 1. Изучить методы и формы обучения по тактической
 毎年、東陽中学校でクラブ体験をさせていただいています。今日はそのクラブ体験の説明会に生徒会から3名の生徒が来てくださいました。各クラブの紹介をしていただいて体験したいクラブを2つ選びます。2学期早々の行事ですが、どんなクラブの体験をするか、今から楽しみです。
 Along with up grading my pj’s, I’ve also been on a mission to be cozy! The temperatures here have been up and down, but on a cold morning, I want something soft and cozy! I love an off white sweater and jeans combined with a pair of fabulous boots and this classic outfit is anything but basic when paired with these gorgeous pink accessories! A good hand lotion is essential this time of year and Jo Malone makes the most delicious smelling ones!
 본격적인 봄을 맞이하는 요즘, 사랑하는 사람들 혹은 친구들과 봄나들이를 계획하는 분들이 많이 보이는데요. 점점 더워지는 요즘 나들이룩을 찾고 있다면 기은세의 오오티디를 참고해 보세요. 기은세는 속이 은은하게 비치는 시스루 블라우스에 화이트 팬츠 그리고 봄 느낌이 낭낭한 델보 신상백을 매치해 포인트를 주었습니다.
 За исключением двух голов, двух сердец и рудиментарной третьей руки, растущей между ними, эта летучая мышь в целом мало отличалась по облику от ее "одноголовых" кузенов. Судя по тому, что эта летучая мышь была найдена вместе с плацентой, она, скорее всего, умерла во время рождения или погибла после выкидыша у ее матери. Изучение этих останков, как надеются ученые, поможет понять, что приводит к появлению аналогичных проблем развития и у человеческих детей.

...

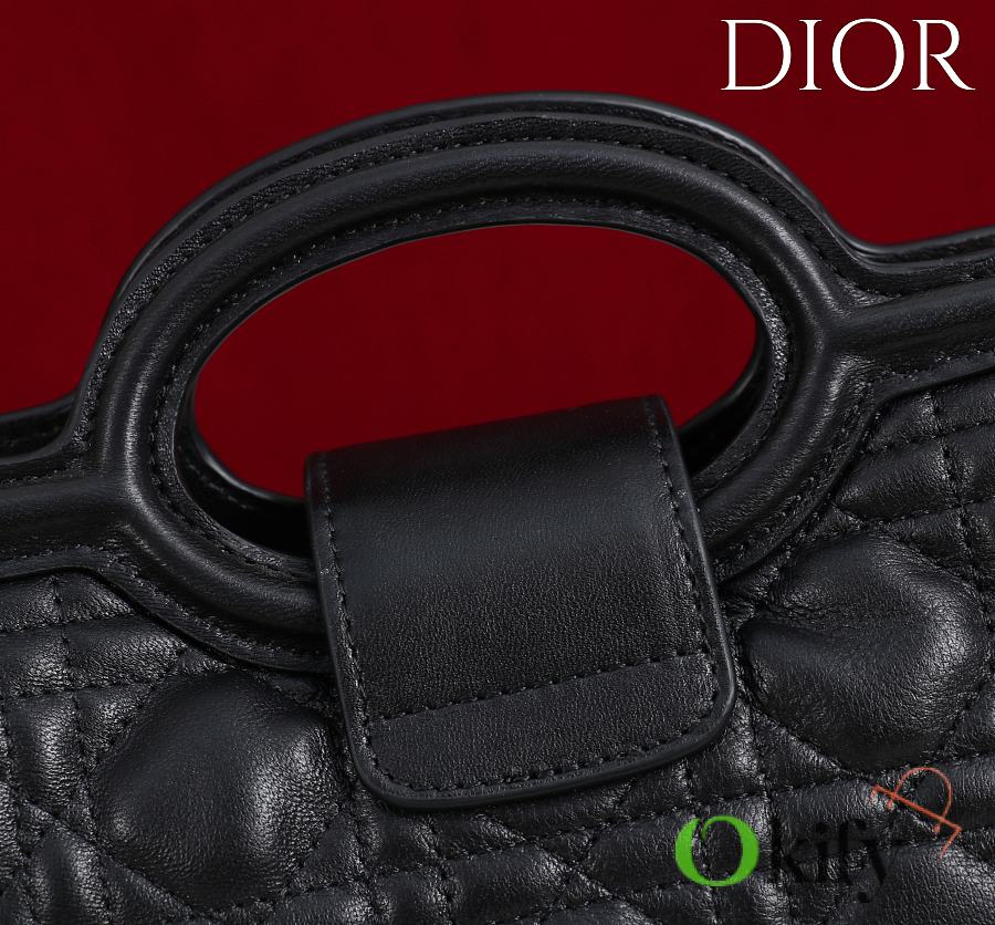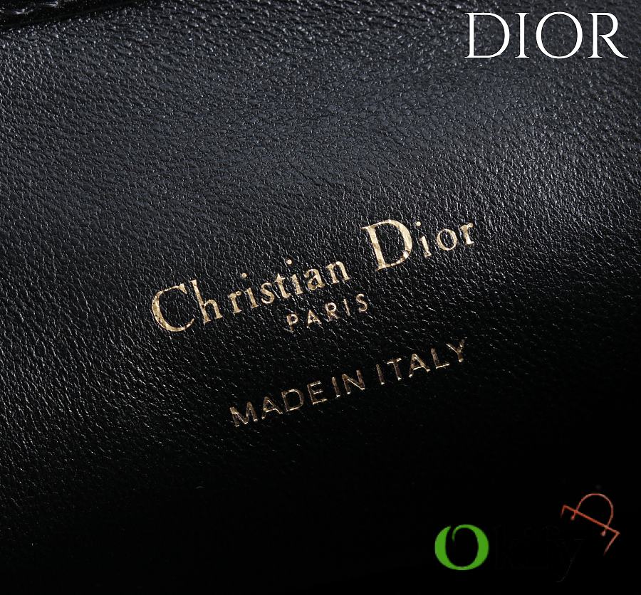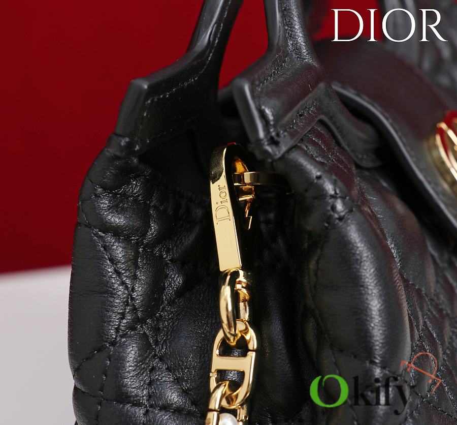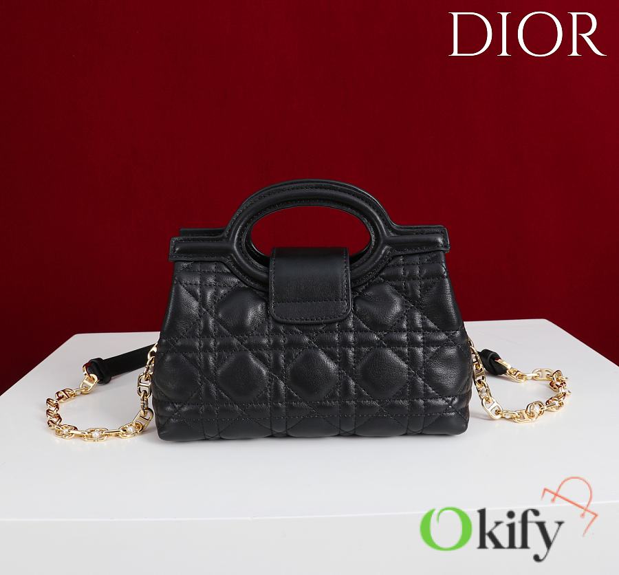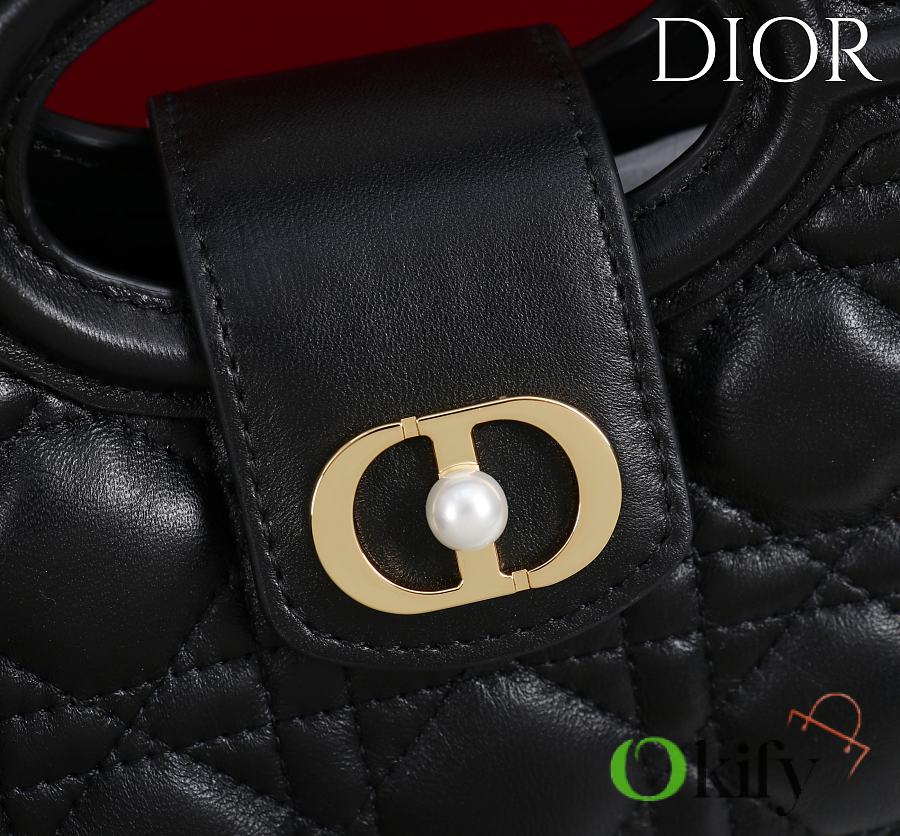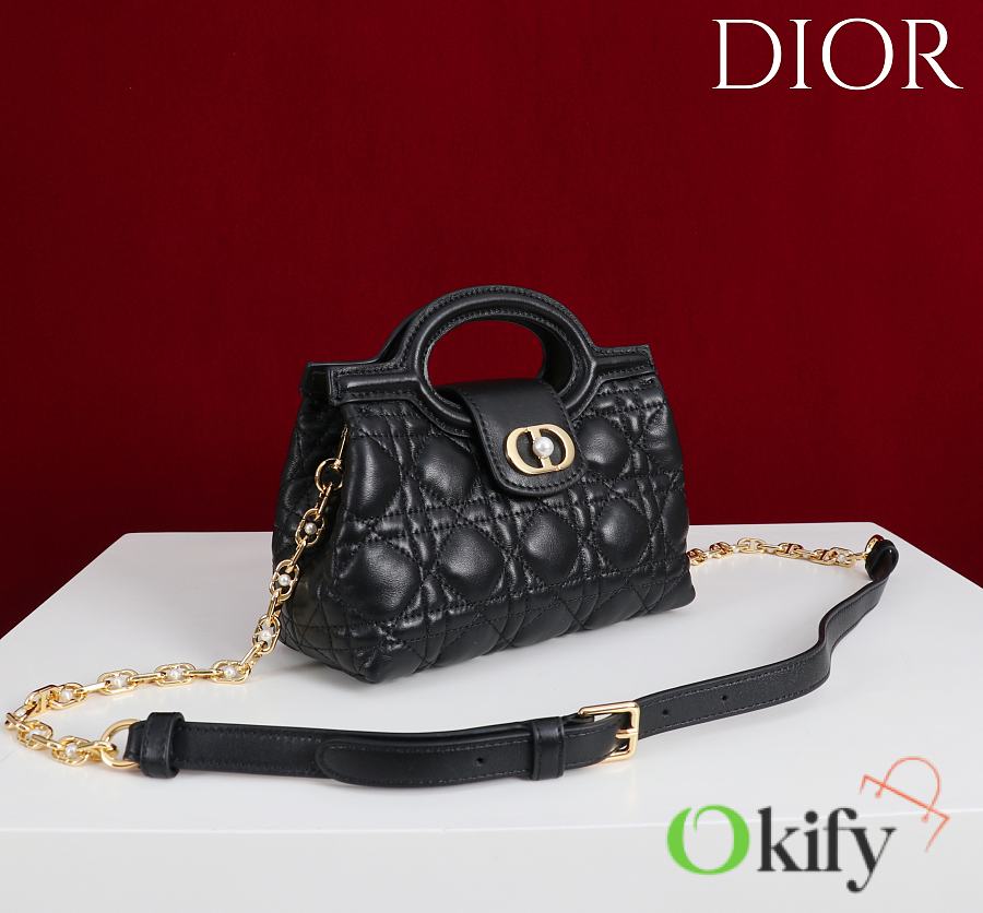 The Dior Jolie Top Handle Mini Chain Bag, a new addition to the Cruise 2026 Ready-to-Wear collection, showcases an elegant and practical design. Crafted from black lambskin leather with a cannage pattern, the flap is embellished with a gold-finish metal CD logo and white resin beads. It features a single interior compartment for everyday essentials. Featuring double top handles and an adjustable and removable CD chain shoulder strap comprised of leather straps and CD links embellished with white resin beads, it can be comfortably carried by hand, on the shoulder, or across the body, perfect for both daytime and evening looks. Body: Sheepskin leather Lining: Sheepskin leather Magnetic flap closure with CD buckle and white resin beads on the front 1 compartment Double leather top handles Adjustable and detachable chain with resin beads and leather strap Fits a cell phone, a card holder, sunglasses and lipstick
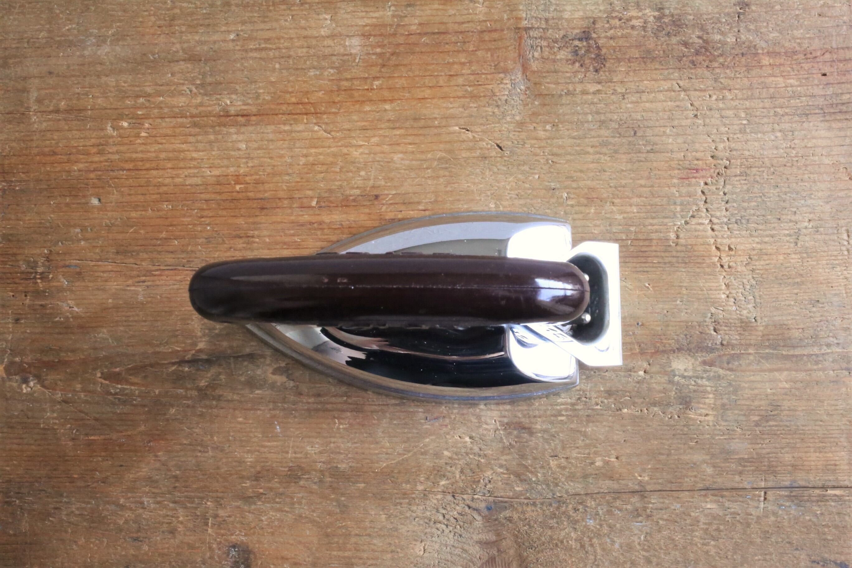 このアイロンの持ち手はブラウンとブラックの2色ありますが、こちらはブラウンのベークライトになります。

Exercise brief
Copy the lines above exactly. Start with the line containing "1. Изучить методы", end with the line containing "За исключением двух", and include both.

Worked solution
 1. Изучить методы и формы обучения по тактической
 毎年、東陽中学校でクラブ体験をさせていただいています。今日はそのクラブ体験の説明会に生徒会から3名の生徒が来てくださいました。各クラブの紹介をしていただいて体験したいクラブを2つ選びます。2学期早々の行事ですが、どんなクラブの体験をするか、今から楽しみです。
 Along with up grading my pj’s, I’ve also been on a mission to be cozy! The temperatures here have been up and down, but on a cold morning, I want something soft and cozy! I love an off white sweater and jeans combined with a pair of fabulous boots and this classic outfit is anything but basic when paired with these gorgeous pink accessories! A good hand lotion is essential this time of year and Jo Malone makes the most delicious smelling ones!
 본격적인 봄을 맞이하는 요즘, 사랑하는 사람들 혹은 친구들과 봄나들이를 계획하는 분들이 많이 보이는데요. 점점 더워지는 요즘 나들이룩을 찾고 있다면 기은세의 오오티디를 참고해 보세요. 기은세는 속이 은은하게 비치는 시스루 블라우스에 화이트 팬츠 그리고 봄 느낌이 낭낭한 델보 신상백을 매치해 포인트를 주었습니다.
 За исключением двух голов, двух сердец и рудиментарной третьей руки, растущей между ними, эта летучая мышь в целом мало отличалась по облику от ее "одноголовых" кузенов. Судя по тому, что эта летучая мышь была найдена вместе с плацентой, она, скорее всего, умерла во время рождения или погибла после выкидыша у ее матери. Изучение этих останков, как надеются ученые, поможет понять, что приводит к появлению аналогичных проблем развития и у человеческих детей.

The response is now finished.